Idea 2 - Balanced Scorecard (50 Management ideas you really need to know)


Idea 2 - Balanced Scorecard

The balanced scorecard (BSC) was first articulated in a 1992 Harvard Business Review article by Robert S. Kaplan and David Norton. BSC takes an  organization's strategy, separates it into quantifiable goals and then  measures whether the goals are being achieved. It starts with vision- mission statement, perhaps - and breaks that down into strategies, then tactical activities and concludes with metrics. It's the structure of the metrics - the measuring activities - that is 'balanced'.
Kaplan later wrote a book called The Balanced Scorecard: You Can't Drive a Car Solely Relying on a Rearview Mirror, which says it all in a nutshell. The two academics didn't deny the need for financial statistics as an aid to navigation and to keep the shareholders calm, but insisted that other perspectives were necessary. They added another three, giving them four in total.

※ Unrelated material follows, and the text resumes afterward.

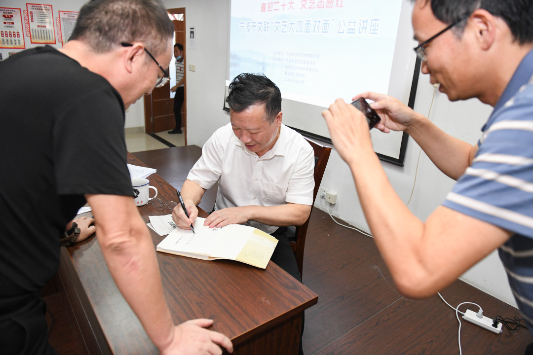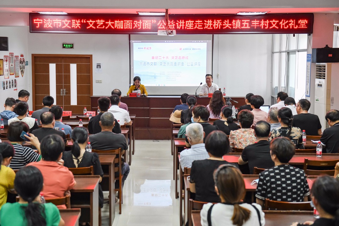 为喜迎党的二十大胜利召开,9月16日下午,喜迎二十大•文艺志愿红——宁波市文联首场“文艺大咖面对面”公益讲座在慈溪市桥头镇五丰村文化礼堂举行。

The financial perspective 'How do we look to shareholders?' Few companies suffer from a shortage of financial information. The organization's financial performance is fundamental to its survival and to satisfying its shareholders. So accurate data such as return on capital employed, unit costs, cash flow, market share and profit growth remain very important bearings on the company's progress. Kaplan and Norton  had little criticism of this aspect of measurement other than to suggest that there was sometimes too much of it. They emphasized, however, that financial data is, by definition, historical. It tells us what has happened to the organization. It may not be as effective as telling us what is happening to the organization right now. And, as they say in financial advertising, past performance is no guarantee of future success.
The customer perspective 'How do we look to customers?' Kaplan and Norton were writing at a time when companies were growing more aware of a need to see things from the customer's point of view, and acknowledging the truth that it costs a lot more to find a new customer than to keep an existing one. 'Customer satisfaction' was developing into a mantra and 'customer relationship management' was about to become the next fashionable management idea - and concern for the customer has certainly not decreased since then. To view the business from this perspective, the company must gauge how satisfied customers are with the products and service they receive. Measurement here includes customer satisfaction, customer retention rates, response rates and reputation.
The business process perspective 'How effective are we internally?' This is an inward-looking, internal perspective, measuring the performance of all those key processes that drive the business. For many companies, particularly those in manufacturing, this was more familiar ground, the realm of people holding stopwatches and clipboards. The measures themselves would depend on the nature of the business but might include manufacturing excellence and quality, time to get new products to market and inventory management. Some frame the question that this perspective seeks to answer: ‘What must we excel at?
The learning and growth perspective 'How can we change and improve?' Answers to this question give a measure of potential future performance, focusing on the need to invest in the development of the organization's people. 'Learning' encompasses more than merely 'training', though it includes that too. Hours spent on training and the number of employee suggestions might be among the measures sought. But Kaplan and Norton also promote the idea of mentors and tutors within the firm, as well as a relaxed style of communication between employees that allows them to get help with problems when needed. Some include innovation in this perspective, adding measures such as research and development as a proportion of sales, for example, or the percentage of sales from new products.
Put the data from these four different points of view together and the results do what it says on  the packet - they give a 'balanced' view of the organization, rather than an overwhelmingly financial one. The link between measurement and strategy comes in the choice of what gets measured - the metrics. But BSC doesn't stop at measurement. The point of measurement is to allow managers to see the organization more clearly, and to manage more effectively - to take better decisions - based on that information.
So Kaplan and Norton, who have built a profitable business out of helping companies to implement BSC, maintain that it is a management as well as a measurement system. They say you can't improve what you can't measure. Feedback from the scorecard is used to adapt the implementation of strategy or, if necessary, strategy itself.
Today, BSC is still widely used among large companies and has gained a following among public sector and non-profit organizations. Some users note that, carried out properly, BSC can be a catalyst for change. They point out that the performance measurement is not an end in itself. As Goodhart's law suggests, measures should not become targets. Instead, they should serve as aids to analysis. They don't have to be accurate, but people must have confidence in them as reliable indicators of what is actually going on.